Fig. 2 A 3-fold cross validation. In each iteration, one of the three splits acts as the test set and the remaining splits act as the training set.1#

In scikit-learn, we can use sklearn.model_selection.KFold to define a cross validation procedure and we can use sklearn.model_selection.cross_val_score() to compute a metric output for each fold.

from sklearn.linear_model import LogisticRegression
from sklearn.model_selection import KFold, cross_val_score

# split data into train and test set
X_train, X_test, y_train, y_test = train_test_split(
  X, y, test_size=0.2, random_state=1)

# define model
clf = LogisticRegression()

# define 3-fold cross validation procedure
kf = KFold(n_splits=3)

# compute performance for each fold
scores = cross_val_score(clf, X_train, y_train, cv=kf, scoring='accuracy')
print(scores)
[0.81481481 0.85185185 0.76923077]

From this exapmle, we can immediately see the value of the cross-validation procedure over merely splitting the data: the observed accuracy of the model varies a lot, depending on which fold is evaluated.

A cross-validation procedure can be repeated multiple times, in which the data is shuffled differently each time. This is referred to as repeated cross-validation and is implemented in scikit-learn as sklearn.model_selection.RepeatedKFold. It is also possible to use cross-validation for both the train-test split and the train-validation split. In this case, you require a nested cross-validation`. In the outer loop, the data set is split into folds used to determine the training/validation and test set. In the inner loop, the training/validation set of each test fold of the outer loop is further split into folds used for training and validation.

Hyperparameter Tuning#

During model selection, you may want to evaluate different machine learning algorithms. In addition, most modern machine learning algorithms have hyperparameters: parameters that control the learning process in some way. In many cases, the performance of a machine learning algorithm on a given learning task depends on these settings. The process of identifying the best settings for your learning task is referred to as hyperparameter tuning.

Two common approaches for tuning hyperparameters are grid search and random search.

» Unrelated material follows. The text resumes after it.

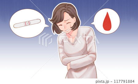 一名患有異常出血/化學流產的婦女的插圖,有背景、部落格大小

For both approaches, the first step is to define the search space, i.e., the range of hyperparameter settings you would like to explore. Grid search consists of an exhaustive search over all hyperparameter settings in the search space. In a random search, on the other hand, hyperparameters are randomly sampled from the search space. A random search procedure is particularly useful when hyperparameters can take continuous values, such as the cost parameter of a support vector machine. In these cases, a random search procedure is known to outperform grid search (at least in theory).

../../_images/modelselection_0_4.png

Fig. 3 An overview of the required components and steps of a grid search procedure.1#

In scikit-learn, grid search and random search are implemented in sklearn.model_selection.GridSearchCV and sklearn.model_selection.RandomizedSearchCV respectively. Below you can find an example of a grid search over several values of the regularization parameter C of logistic regression, using a 3-fold cross validation.

from sklearn.model_selection import GridSearchCV
import pandas as pd

# we want to try different values for the regularization parameter C
param_grid = {'C' : [0.001, 0.01, 0.1, 1]}
clf = LogisticRegression()
kf = KFold(n_splits=3)

# define grid search
gs = GridSearchCV(
  estimator=clf,
  param_grid=param_grid,
  scoring=None, # use default scorer of LR (accuracy)
  refit=True,
  cv=kf,
)

# fit model
gs.fit(X_train, y_train)

# view cross-validation results
display(pd.DataFrame(gs.cv_results_)[['param_C', 'mean_test_score', 'std_test_score']])
print('best parameter: {}'.format(gs.best_params_))

# view test set result
print('test set accuracy: {:.2f}'.format(gs.score(X_test, y_test)))
param_C mean_test_score std_test_score
0 0.001 0.597816 0.124481
1 0.01 0.734568 0.165865
2 0.1 0.799620 0.064185
3 1 0.811966 0.033790
best parameter: {'C': 1}
test set accuracy: 0.75
1(1,2,3)

These figures were generated using the mglearn package.